Patience may be the most important part of painting, like in shoveling snow. Without the patience to hover over one detail until it's right, there's no getting it done. Artist Robert Mangold paints a canvas in one color, always a shade of a given color you've never seen before. He'd be called a colorist in the minimalist period that came after abstract expressionism, the same time as pop. With a single pencil line, a fairly big kindergarten sized pencil, he made a circle on a square canvas like the one in the permanent collection at the Mint Museum in Charlotte, a soft kind of pastel olive green that's not olive.
The green is one I've never seen before, that is, to notice. The circle drawn in one pencil line almost touching the sides, comes back to the beginning center bottom of the square, missing the beginning about an inch. In that 1" space is a dynamic tension that raises one line on one color to art. To see a sample of Mangold's work, you can google his name. When the google page comes up, click on images in the upper left. You'll get pages and pages of images by him, articles about him, pictures of him. I don't mean to promote him, by any means, as the greatest of the greats. He has an interesting eye that I happen to appreciate.

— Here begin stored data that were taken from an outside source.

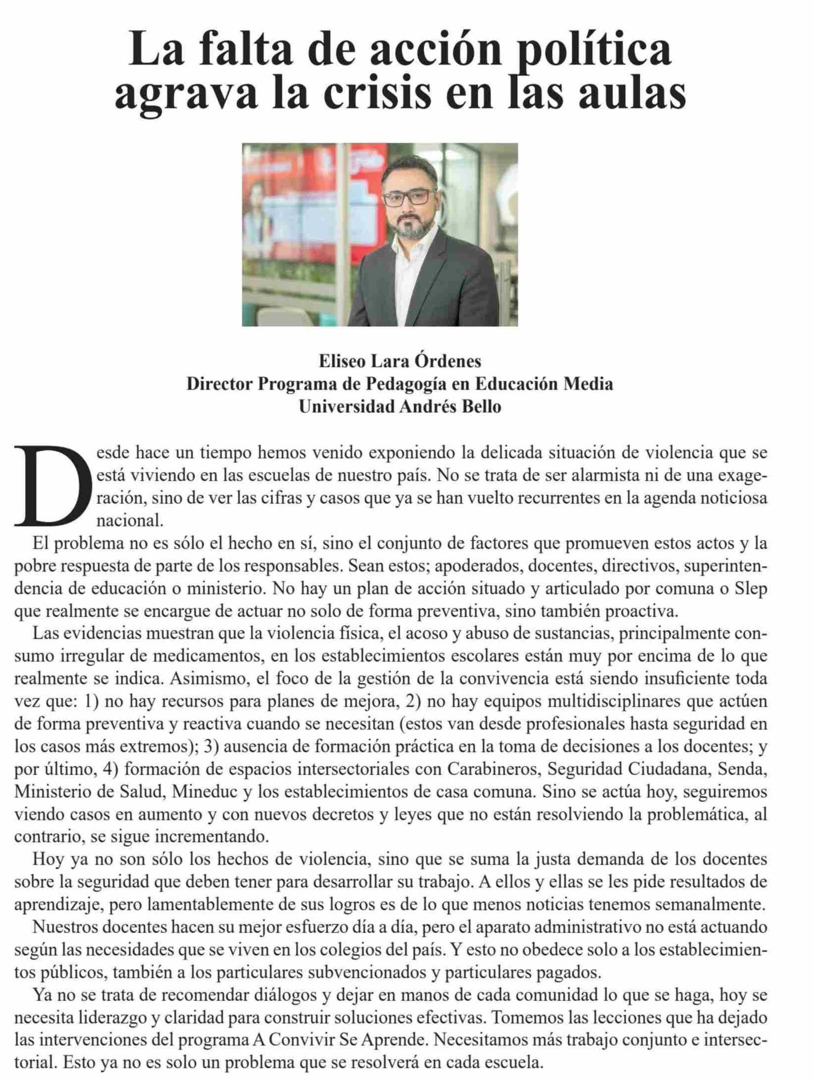 | Título: | COLUMNAS DE OPINIÓN: La falta de acción política agrava la crisis en las aulas |
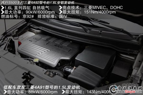 S500采用了目前風行主打的三菱1.5L和1.6L兩款發(fā)動機,1.5L發(fā)動機主打低端車款,以拉低售價,1.6L發(fā)動機則為S500的主打發(fā)動機。同時,變速器提供5速手動,和之前在景逸XV上已經使用的CVT無級變速器,這款變速器對車輛駕駛平順性以及燃油經濟性上有著突出貢獻。懸掛使用與轎車相同的前麥弗遜式獨立懸掛,后拖曳臂式非獨立懸掛。
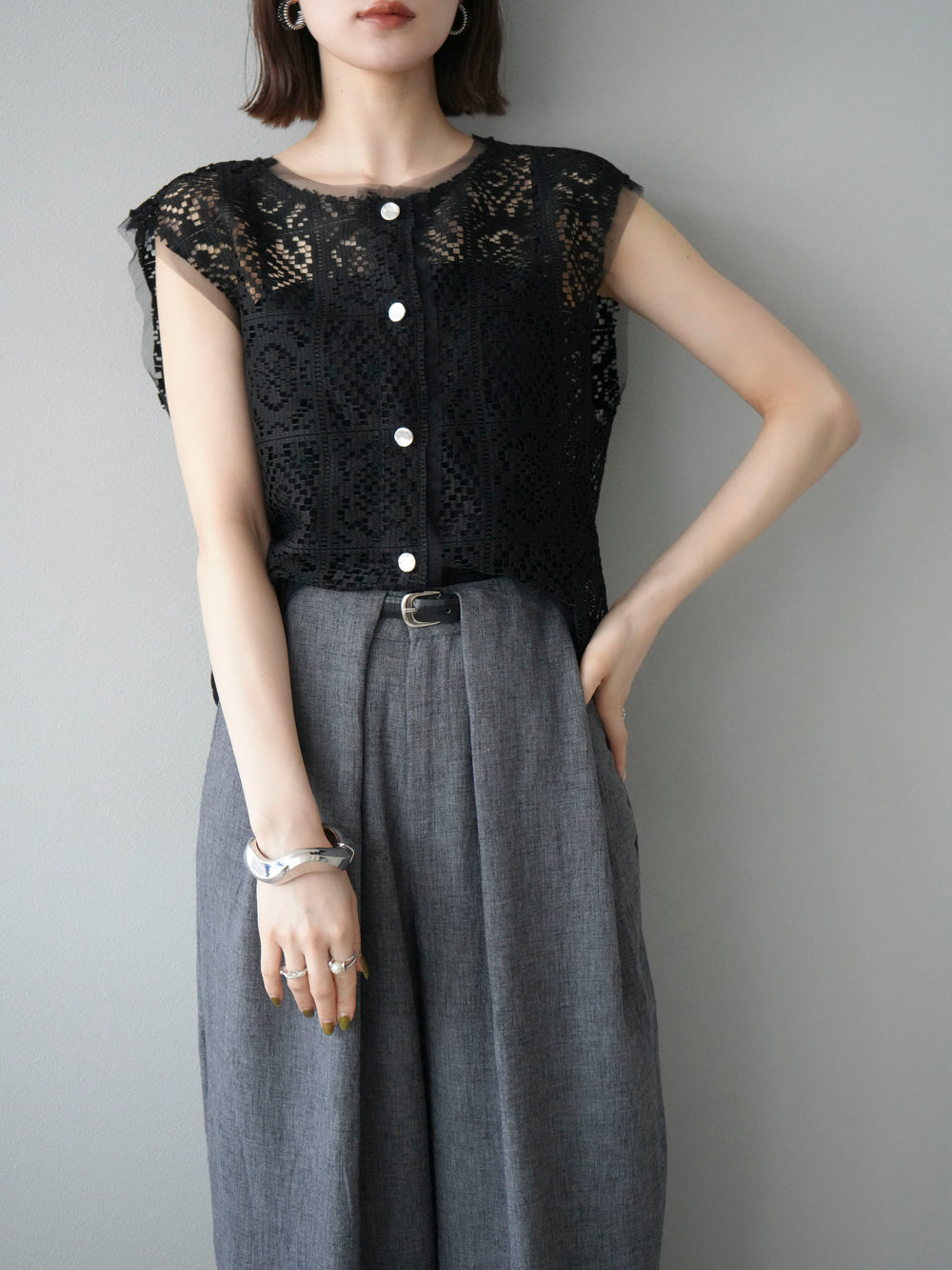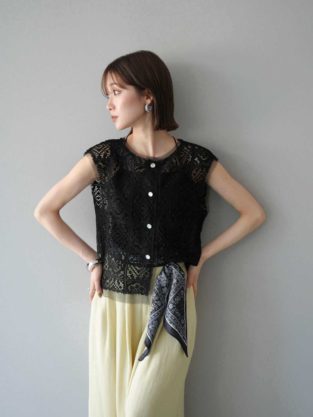 [予約]エンブロイダリーレースタックショルダーブラウス/ブラック

All I'm getting at, is something so simple can be so beautiful, like the 0 in zen ink drawings. They get their tension in the nature of the brushstroke, the white streaks that flow with the black. Mangold got the same tension with a pencil line by not meeting the beginning point. It's a totally visual moment with feeling. My own particular feeling was awe in a big way to see something so simple have such a strong impact as I felt standing before it, wanting to close the circle, wanting not to close the circle, an alternating current visual sense. Back and forth. Standing at the top of the stairs of StPeter's in Rome, looking up the columns to the ceiling overhead, which looked like it wasn't far away, then having to adjust focus seeing it's not as close as it looks, it's a long ways up there. The refocus has an emotional element in it that swirls around awe. Made me feel like an ant.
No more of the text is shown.